Поскольку, отталкиваясь от него, философ
Ницше спрашивает, чем в языке является текст:
связной тканью, письменно зафиксированным
проявлением жизни, и что в нем есть интерпретация:
истолкование как ходатайство в
пользу текста или промежуточный язык (Zwischensprache), который не может знать ничего
фиксированного, если слова по своей природе
суть иносказания, тропы. Этот вопрос
филолог Ницше ставит с самого начала, и не
надо быть пророком, чтобы предсказать, что
начатое сейчас издание базельских лекций в
корне изменит наш образ философа Ницше, а
значит, наконец исправит старые загадки и
искажения. Для этого вырисовывающаяся
самокоррекция запутанных предубеждений со
стороны филологов против их острейшего
критика Ницше кажется мне столь же
необходимой, как и коррекция философами
недостаточных или неудачных определений
позиции мыслителя в предыстории
герменевтической философии. И если обе они
встретятся, тогда в конце эпохи
идеологических смут не исчезнет, быть может,
также шанс снова отыскать в мусоре
ошибочных в духе времени толкований учений
о сверхчеловеке и его мнимой воле к
власти разрозненные куски портрета
великого Несвоевременного и в бережном
старании собрать фрагмент за фрагментом в
единый образ Ницше, глубокого мыслителя,
который в эпоху позитивистски и
диалектически провозглашенного "конца
философии" жаждал лишь одного – чтобы
"истинное понятие философии в Германии
не погибло полностью и окончательно"[30]. III Было бы
заманчиво в этом месте принять во внимание,
как в изначальное исполнение этого желания
здесь, в Наумбурге, и соседнем Шульпфорта еще учащийся
филолог, философ-ученик и пробующий перо
поэт срастаются в единый образ. И
напрашивалось бы пустить наши размышления
в странствие из Шульпфорта в Веймар, а оттуда следом за
Гете через замок Дорнбург прямым ходом
назад в Лейпциг, а затем – в Галле в то время,
когда в этом университете преподавал
Фридрих Август Вольф, друг поэта, который на полдороге часто встречался с
Вольфом во время любительских постановок
драм Гете и Шиллера на курорте Бад
Лаухштэдт или во время научных бесед в Йене.

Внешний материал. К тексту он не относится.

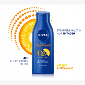 Sữa dưỡng thể làm săn chắc NIVEA Q10 được làm giàu với hai chất chống oxy hóa hiệu quả cao: Q10 và vitamin C. Q10 cùng với creatine và L-carnitine được hấp thụ nhanh chóng làm săn chắc da và cung cấp độ ẩm cho da. Q10 kết hợp với dầu macadamia làm săn chắc và dưỡng ẩm cho làn da khô. Vitamin C giúp da trắng sáng, mịn màng. Làn da của bạn săn chắc và độ đàn hồi được cải thiện rõ rệt chỉ trong 10 ngày. Cho cảm giác da đẹp và săn chắc.

Мысль Ницше, и это следует подчеркнуть
после многолетних извращений его имени,
вырастает из этого ландшафта, который
отмечен печатью духовной жизни времен Гете
и их сродством с классической древностью. И
состоит в теснейшем соприкосновении с
изначальным герменевтическим духом
основанной благодаря Вольфу филологии,
которого он однажды называет своим "великим
предшественником" и которому везде
следует в базельских лекциях.[31] Среди
остального мне казалась бы достойной
упоминания несомненная близость к
вольфианским философским основаниям
предмета в возвращении к языковому
инстинкту, той "удивительной антиномии",
которая бесконечно целесообразна, без того
чтобы мы осознавали ее целесообразность (определение
"инстинкта" по Ницше). И едва
исследован сделанный Ницше явный перенос
новаторского доказательства
Вольфа, согласно которому древнейшая
поэзия греков, гомеровский эпос, происходит
из предлитературной эпохи изустности, на
истолкование трагедии, которую он в духе
своего предшественника понимает как
исполненную на сцене драму самой жизни (Drama des Lebens), а не как драматическую декламацию (Lesedrama) в привычном нам литературном смысле.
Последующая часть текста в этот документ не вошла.